**Problem details:**
Give again, word for word, every line in the entries below from the line with "- Jól látható" up to and including the line with "Taking a look", and no other line.

**The data:**
+ + + + +

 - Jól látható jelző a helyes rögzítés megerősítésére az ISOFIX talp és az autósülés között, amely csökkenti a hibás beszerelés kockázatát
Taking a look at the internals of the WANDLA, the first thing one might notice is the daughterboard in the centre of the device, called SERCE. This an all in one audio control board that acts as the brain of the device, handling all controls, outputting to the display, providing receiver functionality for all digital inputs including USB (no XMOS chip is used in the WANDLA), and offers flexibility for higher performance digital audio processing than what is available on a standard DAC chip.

+ + + + +

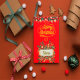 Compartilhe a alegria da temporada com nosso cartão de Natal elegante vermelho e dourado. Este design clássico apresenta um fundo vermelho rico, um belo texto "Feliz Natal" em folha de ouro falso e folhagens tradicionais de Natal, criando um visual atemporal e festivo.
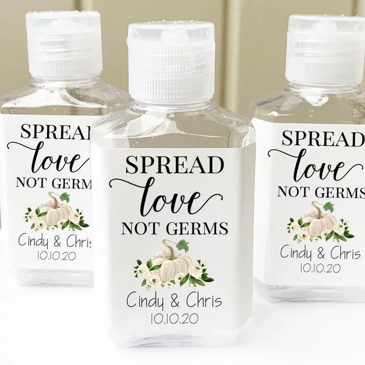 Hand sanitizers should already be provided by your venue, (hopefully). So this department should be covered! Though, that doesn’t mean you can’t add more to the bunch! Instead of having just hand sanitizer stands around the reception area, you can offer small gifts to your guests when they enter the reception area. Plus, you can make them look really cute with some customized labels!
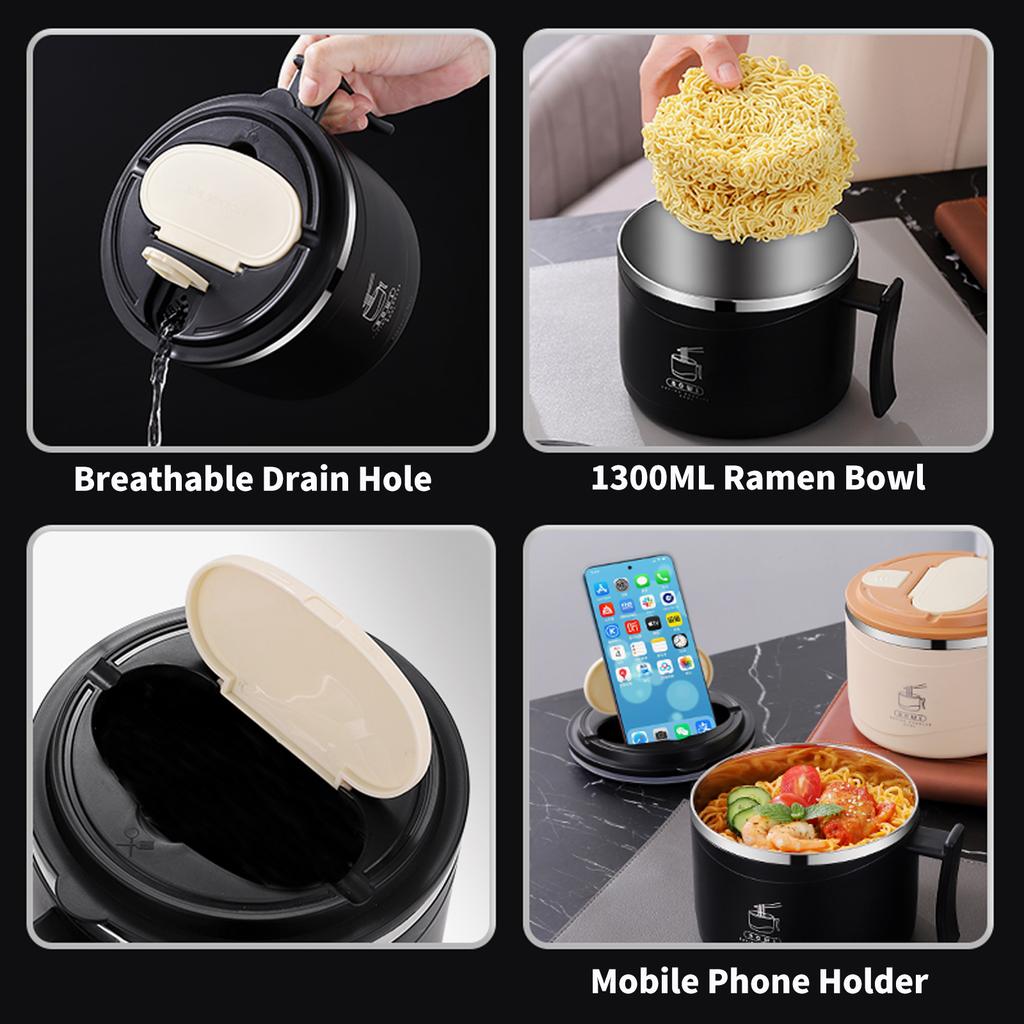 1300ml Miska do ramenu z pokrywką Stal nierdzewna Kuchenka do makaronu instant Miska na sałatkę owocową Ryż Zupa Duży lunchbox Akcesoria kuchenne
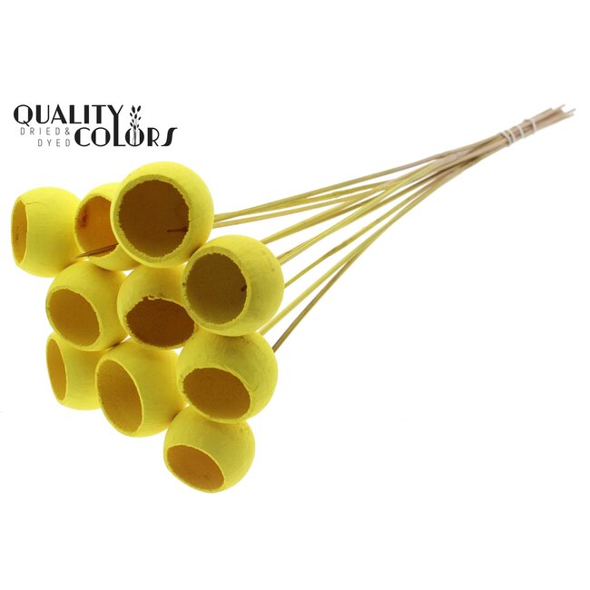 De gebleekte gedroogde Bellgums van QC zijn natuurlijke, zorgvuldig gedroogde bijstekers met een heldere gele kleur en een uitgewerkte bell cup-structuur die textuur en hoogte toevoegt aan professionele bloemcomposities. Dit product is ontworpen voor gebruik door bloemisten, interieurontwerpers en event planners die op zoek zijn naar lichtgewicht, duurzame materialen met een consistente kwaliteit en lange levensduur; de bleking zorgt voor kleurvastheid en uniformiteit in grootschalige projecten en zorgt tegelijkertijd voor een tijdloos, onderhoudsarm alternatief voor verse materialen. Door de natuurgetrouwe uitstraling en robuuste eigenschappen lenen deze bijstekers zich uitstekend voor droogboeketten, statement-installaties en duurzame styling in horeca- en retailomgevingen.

+ + + + +

**Solution to this task:**
 - Jól látható jelző a helyes rögzítés megerősítésére az ISOFIX talp és az autósülés között, amely csökkenti a hibás beszerelés kockázatát
Taking a look at the internals of the WANDLA, the first thing one might notice is the daughterboard in the centre of the device, called SERCE. This an all in one audio control board that acts as the brain of the device, handling all controls, outputting to the display, providing receiver functionality for all digital inputs including USB (no XMOS chip is used in the WANDLA), and offers flexibility for higher performance digital audio processing than what is available on a standard DAC chip.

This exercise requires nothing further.